2. The powerless speaker
A case can be made that Boehner’s skills as a House leader are underappreciated. There’s something to this, but it’s an argument that amounts to a backhanded compliment — that Boehner, by routinely looking the other way as his party worsens its public image and subjecting himself to the occasional high-profile indignity, is able to build just enough clout to steer the House GOP away from complete catastrophe when he absolutely has to. There’s an art to this, all right, and I guess you could say Boehner is good at it. But that’s really the limit of his power as speaker. The problem is that the conservative movement has never trusted him and has been looking for the moment he sells them out from the second he claimed the speaker’s gavel in 2011. This has imposed some humiliating limits on him — forcing Boehner, for instance, to walk away at the 11th hour from grand bargain negotiations with Obama in the summer of ’11 and compelling him to promise Republicans a few months ago that he wouldn’t attempt any more one-on-one negotiations with the president.

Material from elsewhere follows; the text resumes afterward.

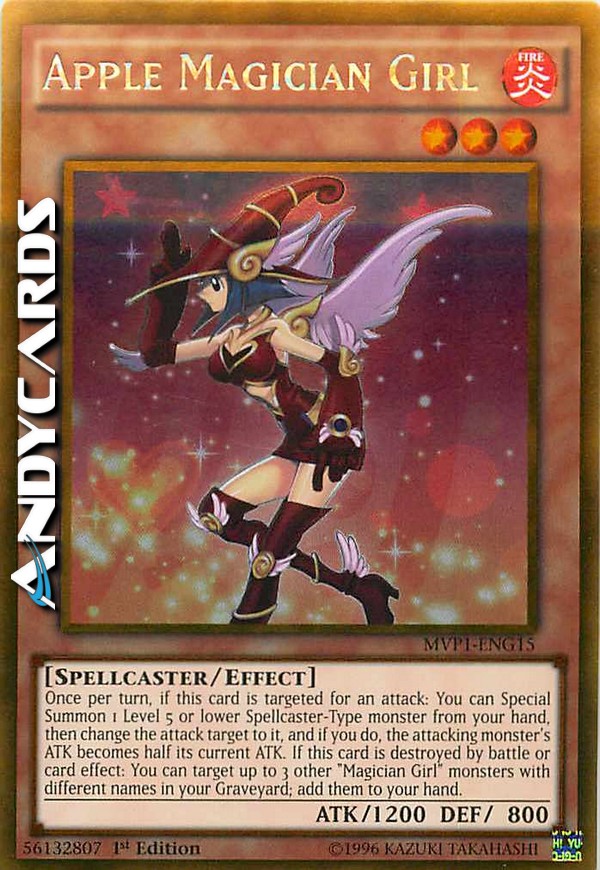 Once per turn, if this card is targeted for an attack: You can Special Summon 1 Level 5 or lower Spellcaster-Type monster from your hand, then change the attack target to it, and if you do, the attacking monster's ATK becomes half its current ATK. If this card is destroyed by battle or card effect: You can target up to 3 other "Magician Girl" monsters with different names in your Graveyard; add them to your hand.

So when it comes to Obama’s current quest for a grand bargain, there’s really nothing for Boehner to do but repeat the right’s familiar attacks on Obama for always wanting to raise taxes and never wanting to cut spending. Never mind, of course, that Obama has already signed off on $2.5 trillion in deficit reduction and is seeking $1.2 trillion more with his grand bargain crusade, and that most of that money is from spending cuts. Acknowledging that would destroy whatever credibility Boehner now has with the conservative base, and make it impossible for him to push any kind of deal through the House without being dethroned. So he bashes away, pretends the problem is Obama’s inflexible liberalism and waits. What the endgame is is unclear. It may just be that Boehner is hoping to keep the GOP conference from pursuing a debt ceiling showdown in May. Or maybe he’s hoping that after a few more months of bashing Obama, he just might have clearance to put a Senate-passed grand bargain on the House floor and to allow it to pass mainly with Democratic votes. Or he may think none of this is possible — and may mainly be interested in patching up the damage the fiscal cliff deal did to his standing with the right.
The key here is that Boehner oversees a Republican conference whose members do not, generally speaking, feel any personal pressure to respond to the Democrats’ big national victory last November. In the America where they leave, Obama and the national Democratic Party are as reviled now as they were before Election Day.